GIVEN DATA
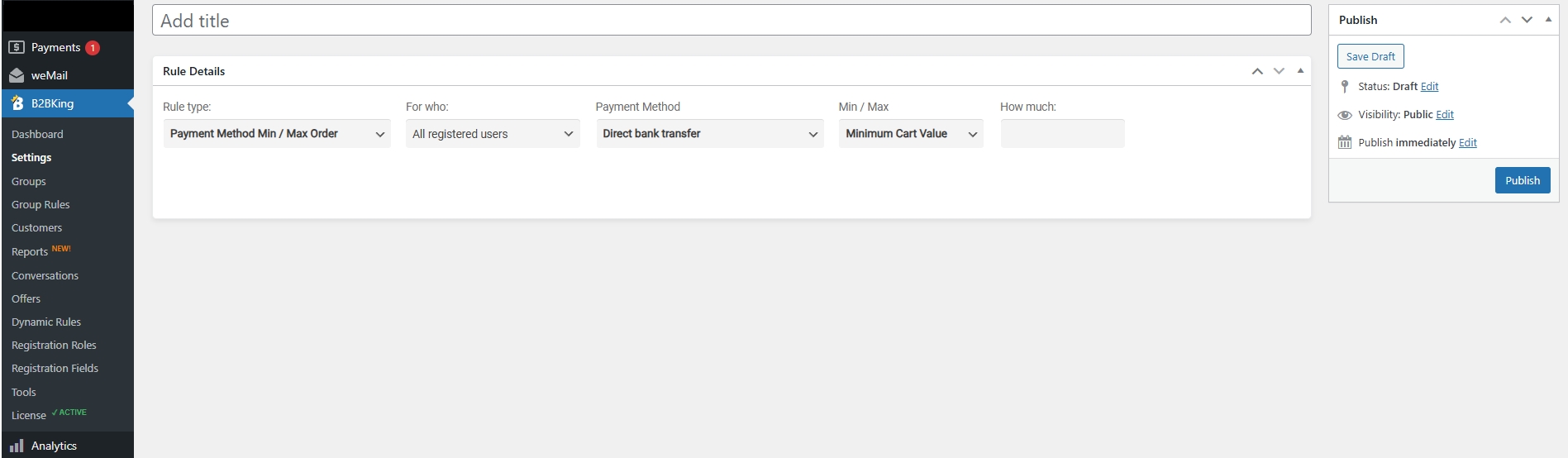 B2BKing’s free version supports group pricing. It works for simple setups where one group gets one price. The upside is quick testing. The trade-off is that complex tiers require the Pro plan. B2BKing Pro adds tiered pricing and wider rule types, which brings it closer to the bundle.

--

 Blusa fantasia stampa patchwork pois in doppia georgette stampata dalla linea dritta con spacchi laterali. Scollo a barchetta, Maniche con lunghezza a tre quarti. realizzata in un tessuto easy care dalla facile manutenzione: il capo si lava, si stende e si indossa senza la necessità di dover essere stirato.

---

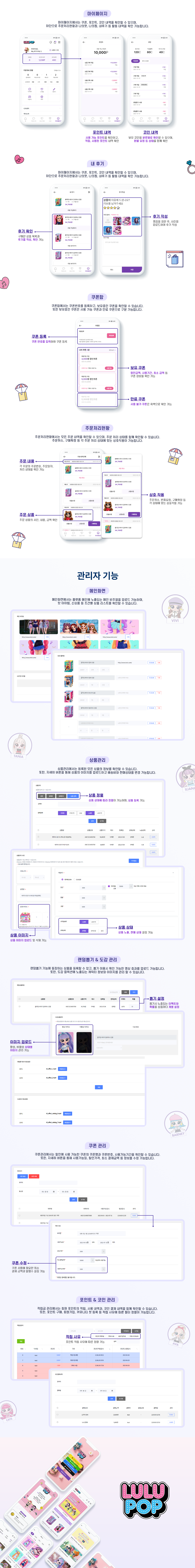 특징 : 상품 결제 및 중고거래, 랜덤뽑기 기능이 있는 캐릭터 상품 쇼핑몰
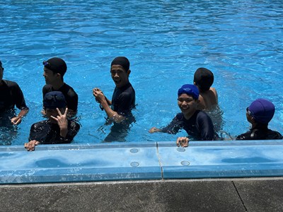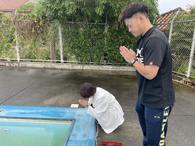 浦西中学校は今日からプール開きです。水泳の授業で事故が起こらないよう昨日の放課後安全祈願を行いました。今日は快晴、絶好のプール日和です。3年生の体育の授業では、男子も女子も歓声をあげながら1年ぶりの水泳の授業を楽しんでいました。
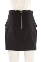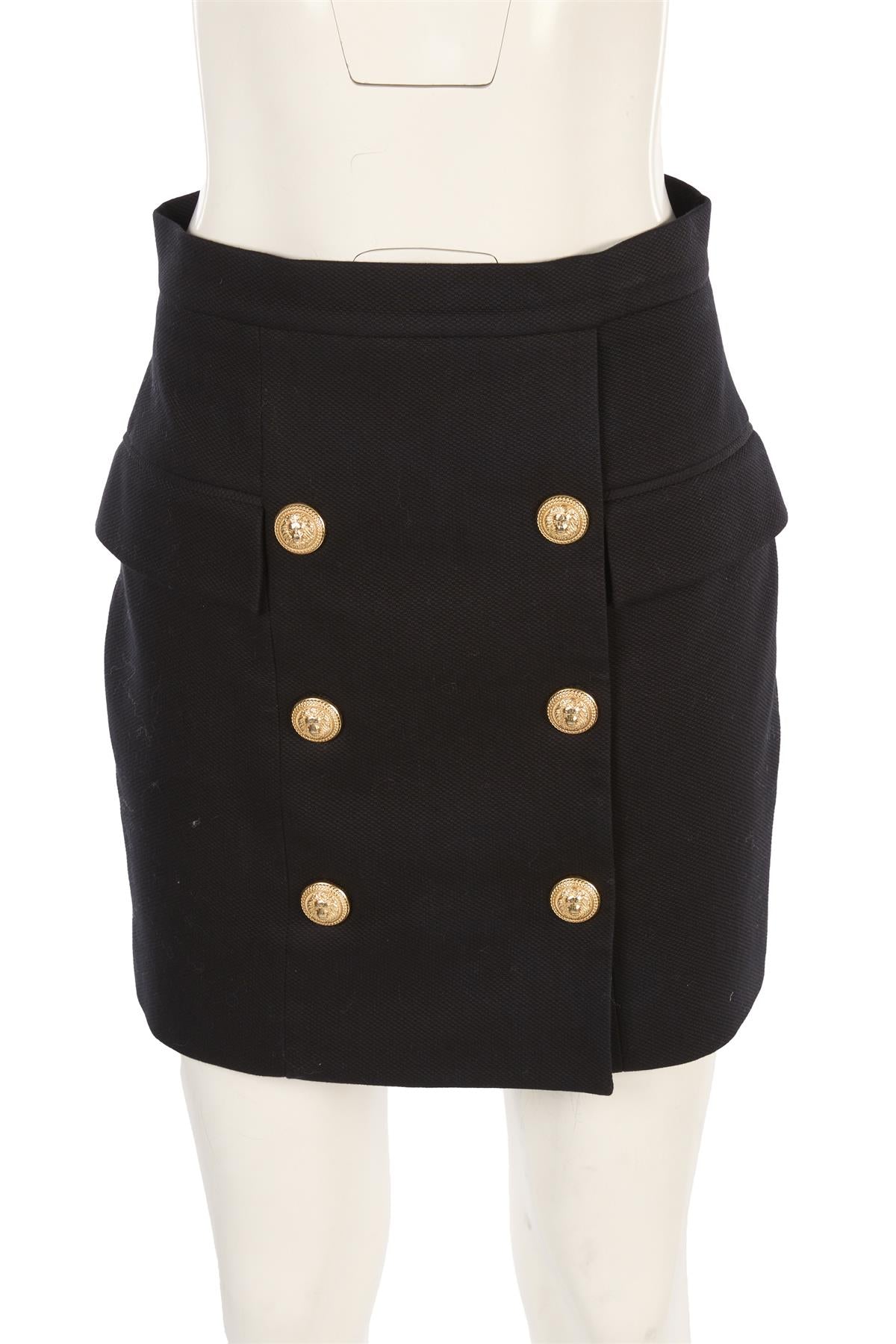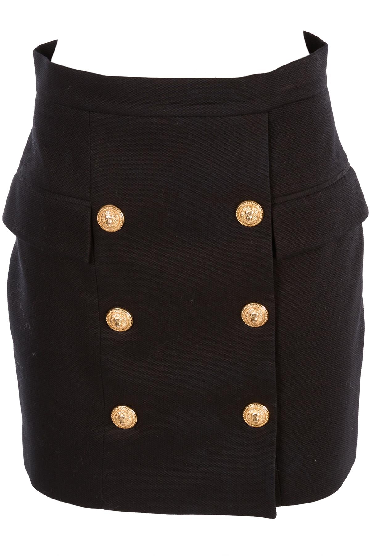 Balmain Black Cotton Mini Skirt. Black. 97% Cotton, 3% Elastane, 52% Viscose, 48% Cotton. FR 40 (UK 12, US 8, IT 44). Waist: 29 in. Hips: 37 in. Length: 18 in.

PROBLEM DETAILS
Return exactly the lines of the material above, starting at the line containing "특징 : 상품 결제 및 중고거래, 랜덤뽑기 기능이 있는 캐릭터 상품 쇼핑몰" and finishing at the line containing "Balmain Black Cotton", without any pictures.

OUTPUT OF THE TASK
 특징 : 상품 결제 및 중고거래, 랜덤뽑기 기능이 있는 캐릭터 상품 쇼핑몰
 浦西中学校は今日からプール開きです。水泳の授業で事故が起こらないよう昨日の放課後安全祈願を行いました。今日は快晴、絶好のプール日和です。3年生の体育の授業では、男子も女子も歓声をあげながら1年ぶりの水泳の授業を楽しんでいました。
 Balmain Black Cotton Mini Skirt. Black. 97% Cotton, 3% Elastane, 52% Viscose, 48% Cotton. FR 40 (UK 12, US 8, IT 44). Waist: 29 in. Hips: 37 in. Length: 18 in.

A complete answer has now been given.